- Pitcher
- Born: March 27, 1915 Logan, Utah, U.S.
- Died: March 22, 2001 (aged 85) Las Vegas, Nevada, U.S.
- Batted: RightThrew: Right

MLB debut
- May 7, 1937, for the Chicago Cubs

Last MLB appearance
- September 23, 1943, for the Philadelphia Phillies

MLB statistics
- Win–loss record: 11–9
- Earned run average: 3.78
- Strikeouts: 88
- Stats at Baseball Reference

Teams
- Chicago Cubs (1937–1938); St. Louis Cardinals (1940); Brooklyn Dodgers (1940–1943); Philadelphia Phillies (1943);

= Newt Kimball =

American baseball player (1915–2001)

Newell Whitney Kimball (March 27, 1915 – March 22, 2001) was an American right-handed pitcher in Major League Baseball.

Born in Logan, Utah, Kimball was listed as 6 ft 2 in tall and 190 lb. After attending Santa Monica High School in Southern California, he was signed by the Chicago Cubs in 1934, winning twenty games for their Class C Ponca City Angels affiliate as a nineteen-year-old. He worked his way up the Cubs chain, eventually being called up late in both the 1937 and 1938 seasons, before Chicago returned him to the minors in 1939. In 1940, the Cubs dealt Kimball to the Brooklyn Dodgers, who used him mainly in relief through 1943. He would appear in two games for the St. Louis Cardinals in 1940 and a partial season for the 1943 Philadelphia Phillies before heading back to the Pacific Coast League.

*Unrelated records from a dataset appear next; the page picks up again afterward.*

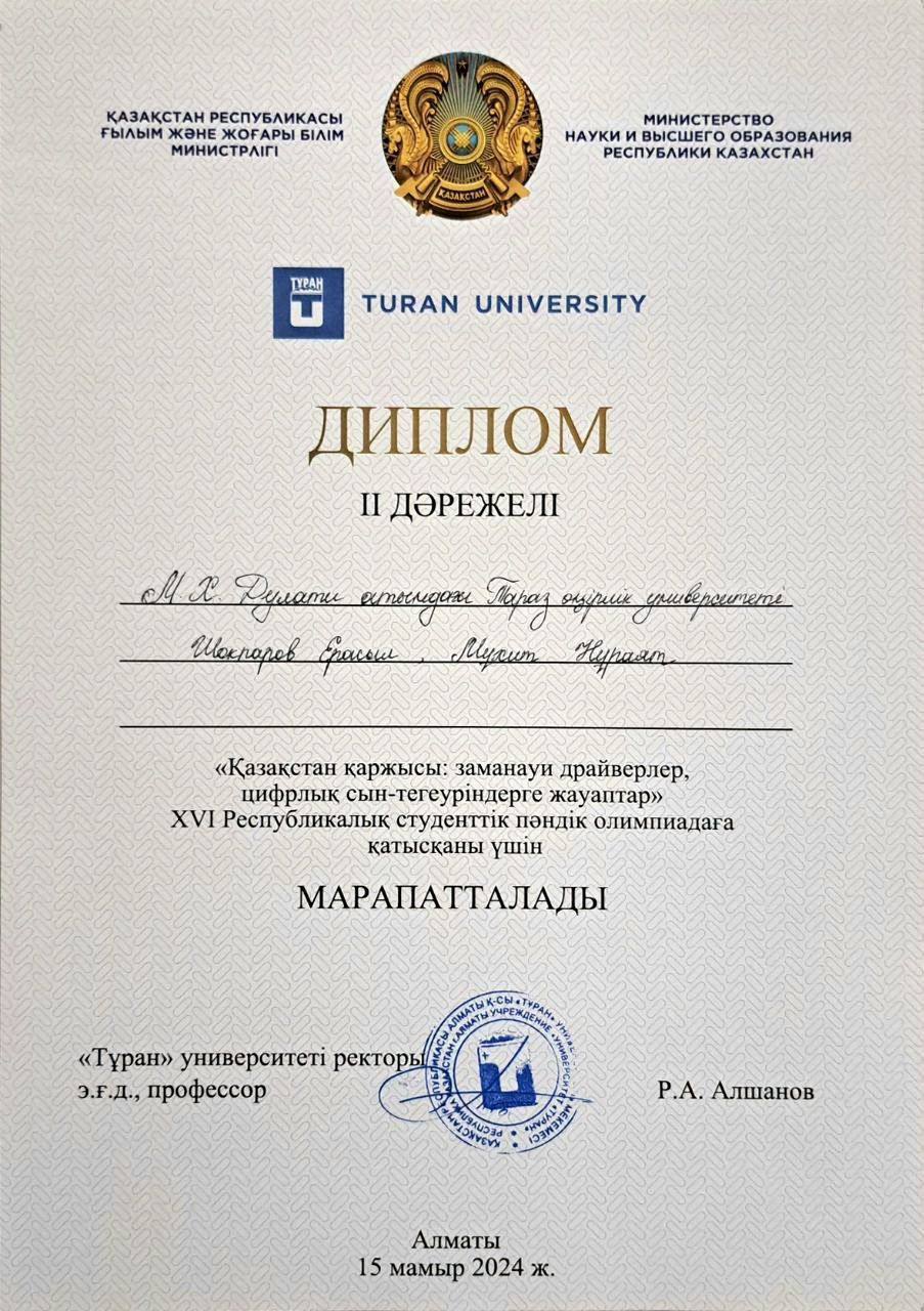 РСПО өткізудің мақсаты студенттердің оқу-танымдық және оқу-зерттеу қызметін ынталандыру, студенттердің кәсіби-тұлғалық әлеуетін ашу және неғурлым талантты және дарынды студенттерді қолдау болып табылады. Базалық РСПО 2 кезенде өткізілді: іріктеу (сырттай) және күндізгі кезең 2024 жылгы 15 мамырда. Іріктеу кезеңі жоғары оқу орындарының олимпиада тақырыбы бойынша бейне-визиткалар мен жобаларды ұсынуын көздеді, іріктеу қорытындысы 2024 жылгы 10 мамырга дейін жарияланды. Күндізгі кезенде 1 кезеңнен өткен командалар тестілеуден, команда капитандарының «Finance IQ» байқауынан өтті. Тестілеу, капитандар конкурсы және Олимпиада тақырыбындағы жобаларды корғау нәтижелері бойынша жеңімпаздар анықталды. Мұнда Дулати университетінің “Қаржы” мамандығының 3-курс студенттері Шокпаров Ерасыл және Мухит Нұраят 2-орынды жеңіп алды. Жетекшісі “Қаржы және есеп” кафедрасының э.ғ.к., доцент м.а. Муратова Диана Балтабайқызы. РСПО жеңімпаздары дипломдармен және бағалы сыйлықтармен марапатталды. Сонымен қатар РСПО-ға комиссия мүшесі ретінде бизнес өкілдері де қатысты. Біздің студенттердің ғылыми жобасымен презентациясының жоғары деңгейде дайындалғаны үшін “First Heartland Jusan Bank” АҚ-ның бас директорының атынан силықтар берілді. Барлық қатысушылар мен ғылыми жетекшілер "Тұран" университеті ректорының сертификаттарымен және алғыс хаттарымен марапатталды.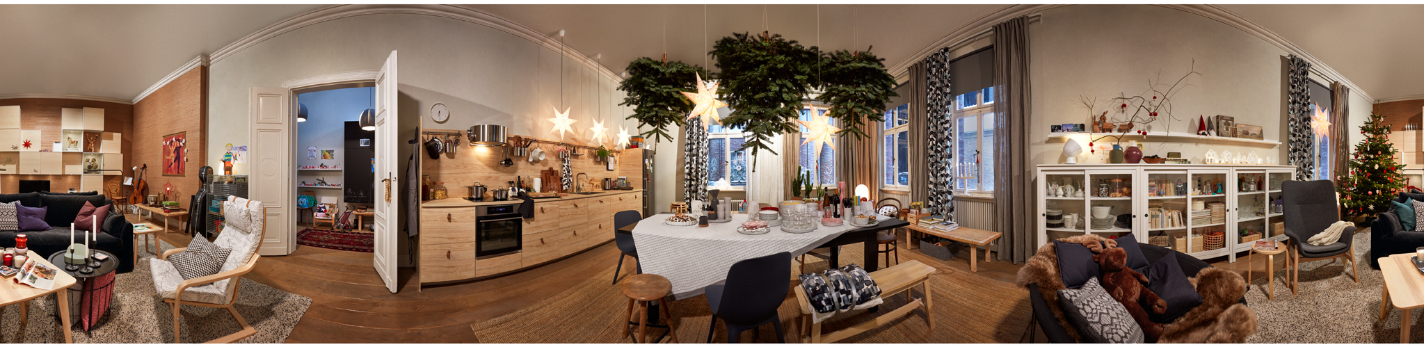 Der Einstieg in das Webspecial gelingt über einen 360° View, der es dem Nutzer ermöglicht, das eingerichtete Zimmer sowie einzelne Möbel über Hotspots intensiv zu erkunden und anhand kleiner Extras wie z.B. lustigen Tanzvideos das perfekte Weihnachtsfest zu planen.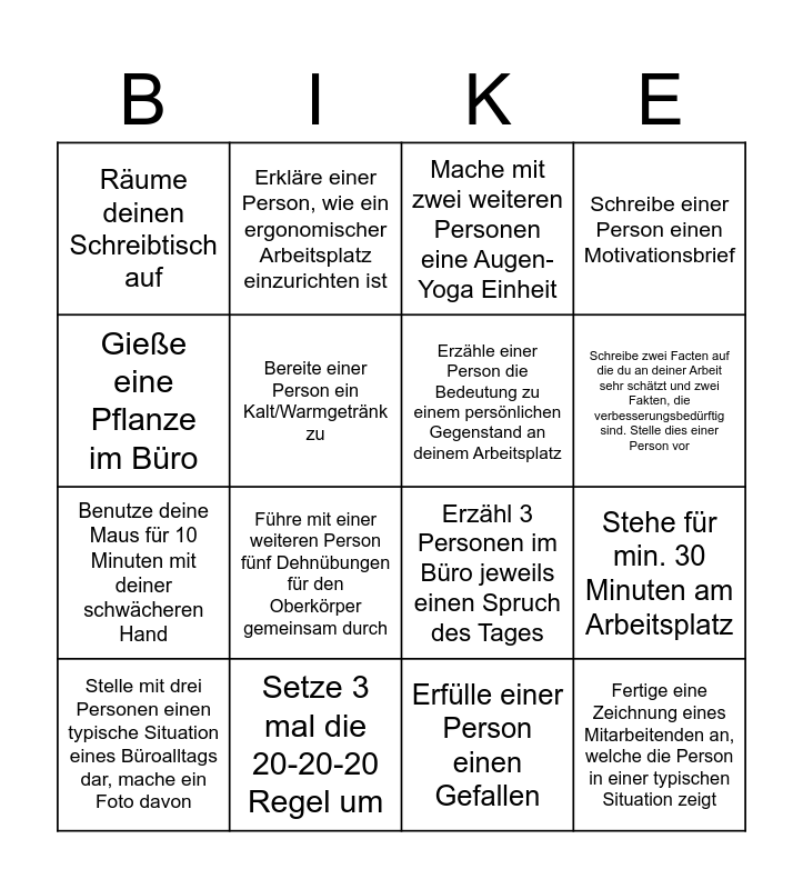 This bingo card has 16 words: Setze 3 mal die 20-20-20 Regel um, Stehe für min. 30 Minuten am Arbeitsplatz, Mache mit zwei weiteren Personen eine Augen-Yoga Einheit, Räume deinen Schreibtisch auf, Benutze deine Maus für 10 Minuten mit deiner schwächeren Hand, Erkläre einer Person, wie ein ergonomischer Arbeitsplatz einzurichten ist, Erzähl 3 Personen im Büro jeweils einen Spruch des Tages, Erfülle einer Person einen Gefallen, Gieße eine Pflanze im Büro, Bereite einer Person ein Kalt/Warmgetränk zu, Stelle mit drei Personen einen typische Situation eines Büroalltags dar, mache ein Foto davon, Schreibe einer Person einen Motivationsbrief, Führe mit einer weiteren Person fünf Dehnübungen für den Oberkörper gemeinsam durch, Schreibe zwei Facten auf die du an deiner Arbeit sehr schätzt und zwei Fakten, die verbesserungsbedürftig sind. Stelle dies einer Person vor, Erzähle einer Person die Bedeutung zu einem persönlichen Gegenstand an deinem Arbeitsplatz and Fertige eine Zeichnung eines Mitarbeitenden an, welche die Person in einer typischen Situation zeigt.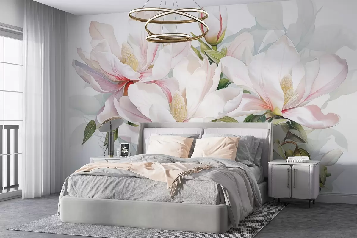 Stenske poslikave Cvetovi magnolije z belimi in rožnatimi cvetnimi listi, listi in rjavimi vejami, mehki in občutljivi akvarelni slog Št. w08885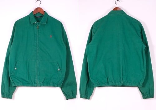 80年代初期頃の Ralph Lauren アメリカ製のジップアップ・ジャケット。厚手でしっかりとした100%コットン・ツイルを使用し、着用と経年によって変化した色味やアタリなどの風合いに1点ものらしい魅力を感じるアイテムです。チンストラップの付くやや小さめの襟、スラッシュ・ポケット、この年代らしいジップアップのざっくりとした太いシルエット、レッドで施されたラルフ・ローレンのワンポイント刺繍がアクセントとなっています。着用の上で問題となるダメージや汚れはございませんが、色あせやアタリのあるUSEDコンディションですので、この1点ものらしい雰囲気の良さを好まれる方におすすめ致します。さらっとリラックスして羽織るのにたいへん重宝し、鮮やかなグリーンの色味ですが着用と経年による表情からこなれた雰囲気で落ち着いた着用をしていただけます。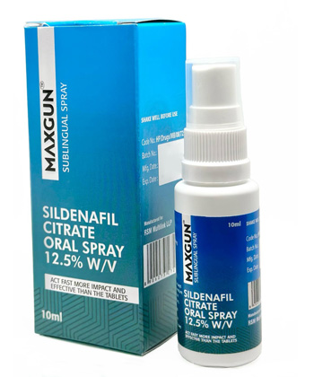- MaxGun Sublingual Spray wird zur Behandlung von erektiler Dysfunktion eingesetzt. Das Medikament wirkt, indem es den Blutfluss durch die Hemmung von Phosphodiesterase Typ 5 (PDE5) verbessert.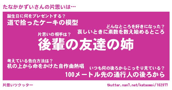 | ヒーロー風カッコイイあだ名 | 『スーパータナカカズイ』『魔戒騎士タナ』 |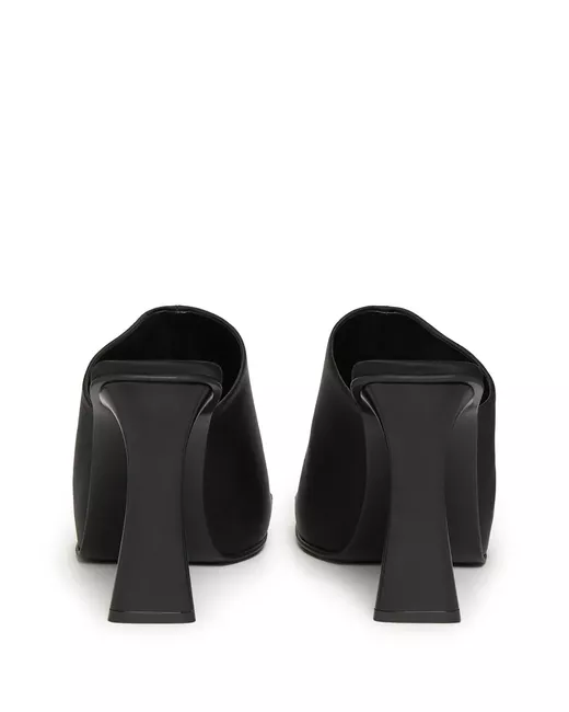 black satin finish branded insole open back slip-on style peep toe high sculpted heel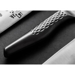Der ergonomisch geformte Griff mit Rautenmuster bildet einen nahtlosen Übergang mit der formschönen satinierten Klinge. Die Kochmesser sind komplett aus rostfreiem Edelstahl gefertigt und sorgen für ein angenehm leichtes, sicheres Handling und optimale Hygiene.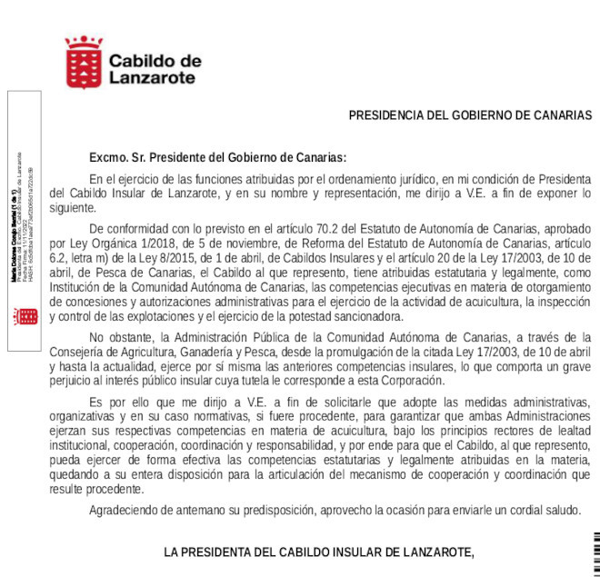 Corujo apunta que se trata de “competencias insulares” y añade que el hecho de que el Gobierno de Canarias las ejerza “comporta un grave perjuicio al interés público” de Lanzarote. En aquella comunicación, Corujo solicita a Torres que “adopte las medidas administrativas, organizativas y en su caso normativas” para “garantizar” que el Cabildo “pueda ejercer de forma efectiva las competencias” que le otorga el Estatuto sobre la acuicultura. La respuesta llegó en forma de informe de los servicios jurídicos del Gobierno rechazando la petición de Corujo.
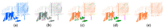 The illustration of building extraction of the purposed method. (a) Raw data; (b) super-points of non-ground points; (c) the initial results of semantic segmentation; (d) the final results of semantic segmentation; (e) the results of building extraction.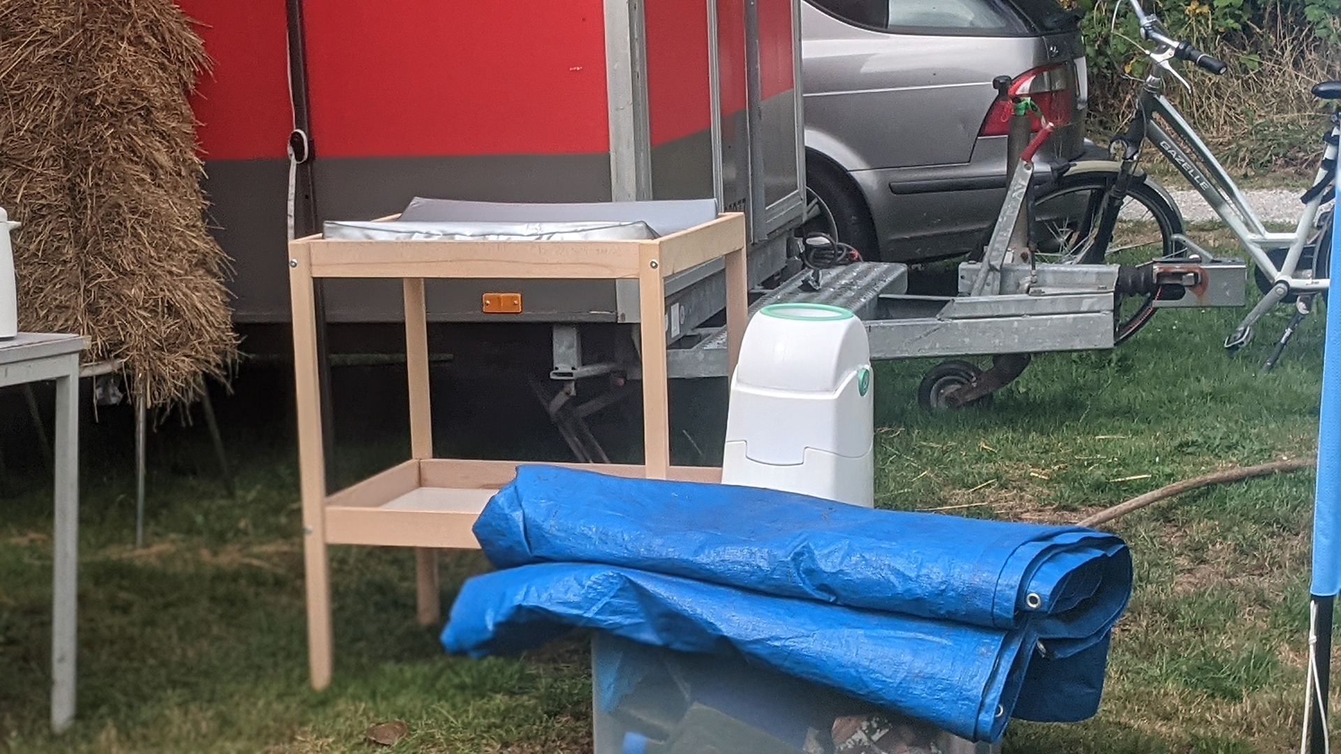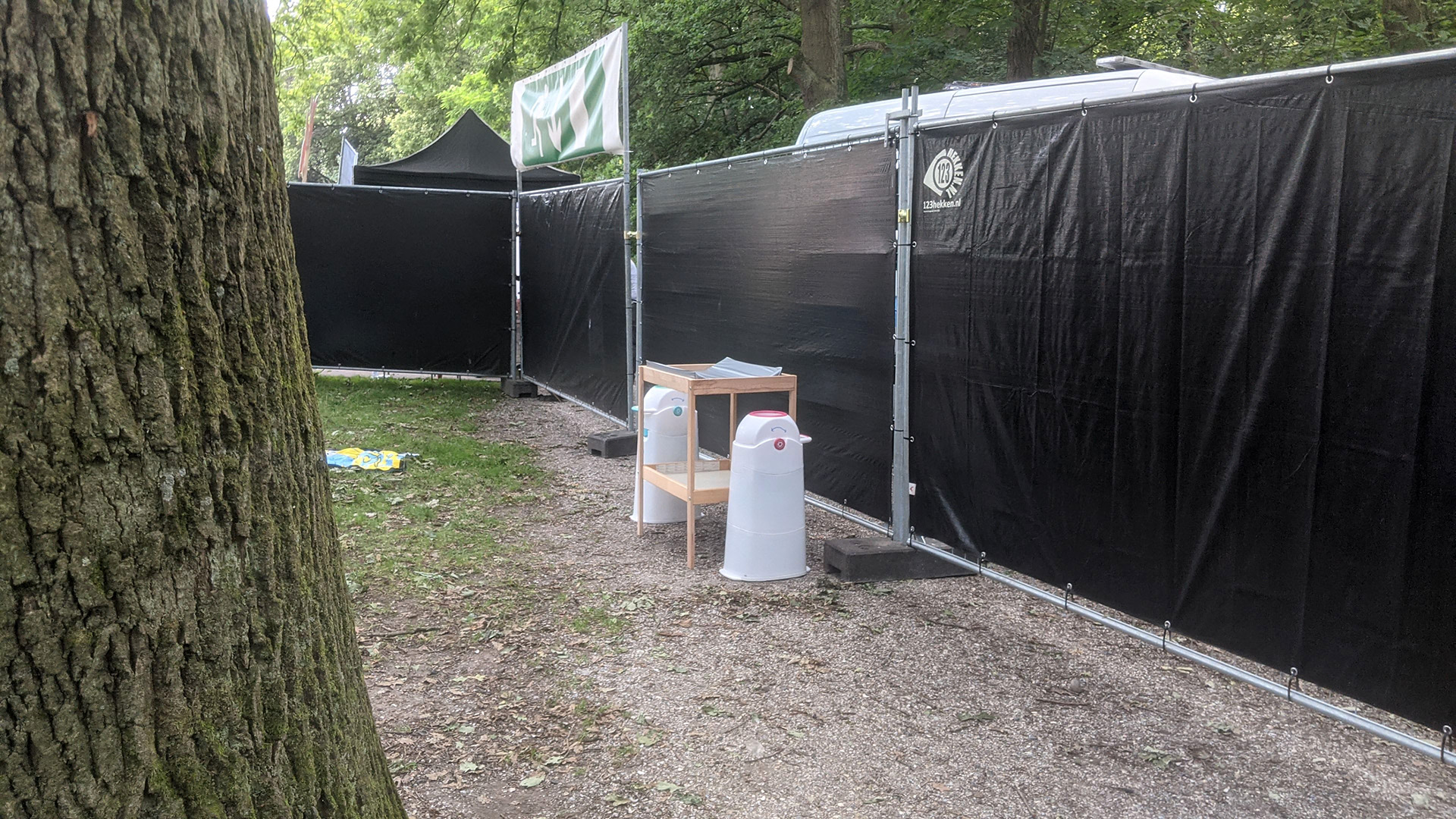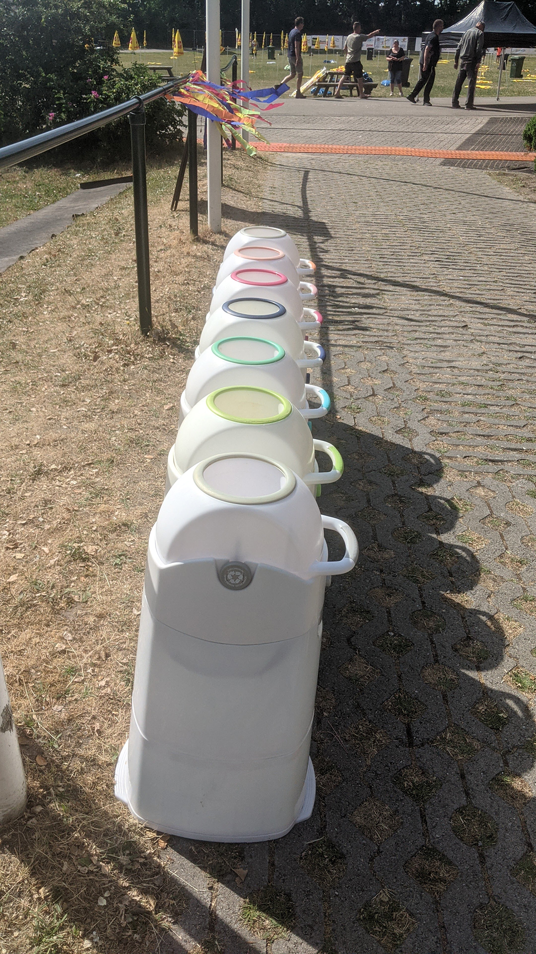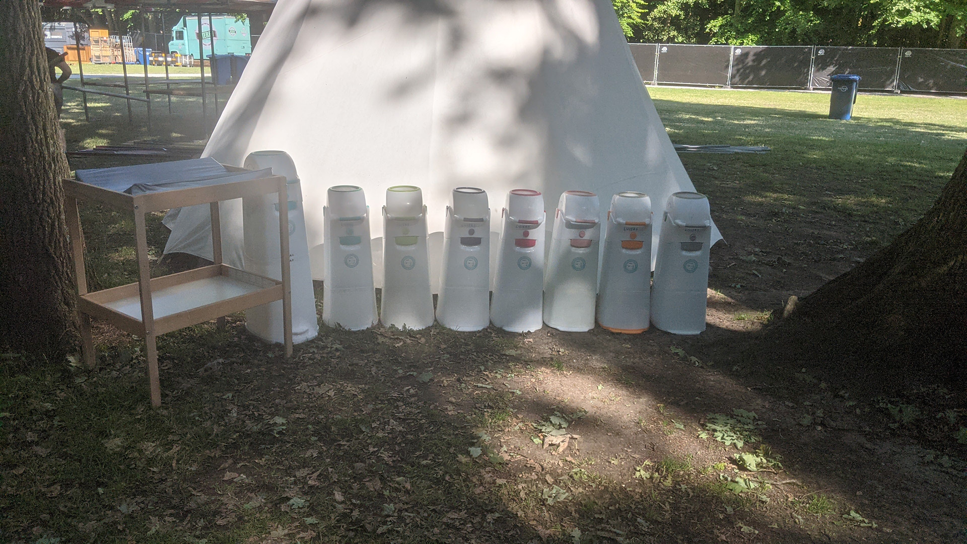 Op het festival staat bij de toiletten een commode met daarbij een DiaperChamp luieremmer en rondom het veld staan nog een aantal DiaperChamp luieremmers.

After three seasons with the PCL Hollywood Stars, Kimball was hired by the Boston Braves in 1947 to manage their new Class D club, the Las Vegas Wranglers. The club finished third in the six-team Sunset League, and Kimball (despite a 14–5 record on the mound and a .361 batting average), was let go as both player and manager at season's end. Taking a liking to Las Vegas, he stayed in town and took over the helm for the 1951 Wranglers, now playing in the Southwest International League. After a 72–71 finish, Kimball left professional baseball after a 15-year career.

Kimball died in Las Vegas in 2001, just a few days shy of his 86th birthday.